A capa do livro reproduz a tela ‘Pescador solitário no rio’, do artista japonês Ma Yuan (por volta do ano 1220) e combina bem com o conteúdo (Foto JCarlos)
A Marcela ganhou o livro hai quase – em minúsculas mesmo – da autora Lilian Schmeil (Editora Estúdio Semprelo, Florianópolis, 2021), na oficina “Poéticas do afeto – escritas para o fim do mundo” promovida pelo Sesc, da qual participou. A autora, formada em sociologia, com especialização em antropologia social, é professora e atuou na Fundação Franklin Cascaes.
Eu abri a publicação e já fui conquistado pelo primeiro poema que li: o vento tece / a dança sexy / da minha saia. Os demais 129 haicais seguem na mesma linha entre o erótico e o saudoso, entre as insinuações e as memórias, entre a natureza e os sentimentos. Resultado, li toda a obra, que é muito leve e saborosa, de um só fôlego. Gostei e recomendo.

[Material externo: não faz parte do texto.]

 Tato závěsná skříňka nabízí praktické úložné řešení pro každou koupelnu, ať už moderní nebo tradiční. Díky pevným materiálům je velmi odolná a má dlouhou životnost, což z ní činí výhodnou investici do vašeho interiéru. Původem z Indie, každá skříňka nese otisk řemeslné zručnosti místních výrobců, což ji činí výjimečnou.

Outras amostras do trabalho da Lilian Schmeil, escolhidos aleatoriamente entre os “quase” haicais:
saliva com saliva
nenhuma lingua
mais é minha
tarde nua
todas as noites, de manhã
são tuas
vida curta
o destino de um mosquito perdido
numa pele quente
essas mãos
em horas vagas
vagalume
Haicai em mim

Esse haicai ficou marcado em minha memória desde que o vi pela primeira vez. Publicação de 1986, originalmente nas páginas da revista Veja (Reprodução Itau Cultural)

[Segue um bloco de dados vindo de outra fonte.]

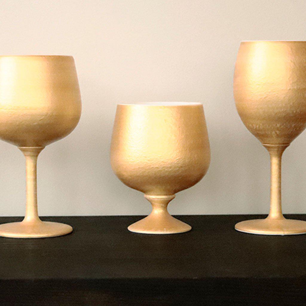深みのあるゴールドカラーが美しい磁器製のワイングラス。ショートステムタイプですがたっぷり容量です。日常使いしやすく、またホットドリンクなどにも使える汎用性の高いアイテム。ぽってりとしたフォルムもおしゃれで、こだわり派へのプレゼントにもおすすめのグラスです!

Tenho uma especial predileção pelos haicais desde que os “descobri” lá pela década de 1970, quando esse estilo de poesia (vindo do Japão, onde é muito comum) ficou mais conhecido no Brasil com a divulgação de trabalhos do poeta “marginal” Paulo Leminski. Também encontrava haicai nos trabalhos do Millor Fernandes publicados na revista Veja e n’O Pasquim. Destaco um poema do Millôr em particular: “Na poça da rua / O vira-lata / Lambe a Lua”.
A uma certa altura da vida também tentei cometer haicais, mas o bom senso predominou e abandonei a ideia, ficando apenas como um leitor atento desse gênero de poesia.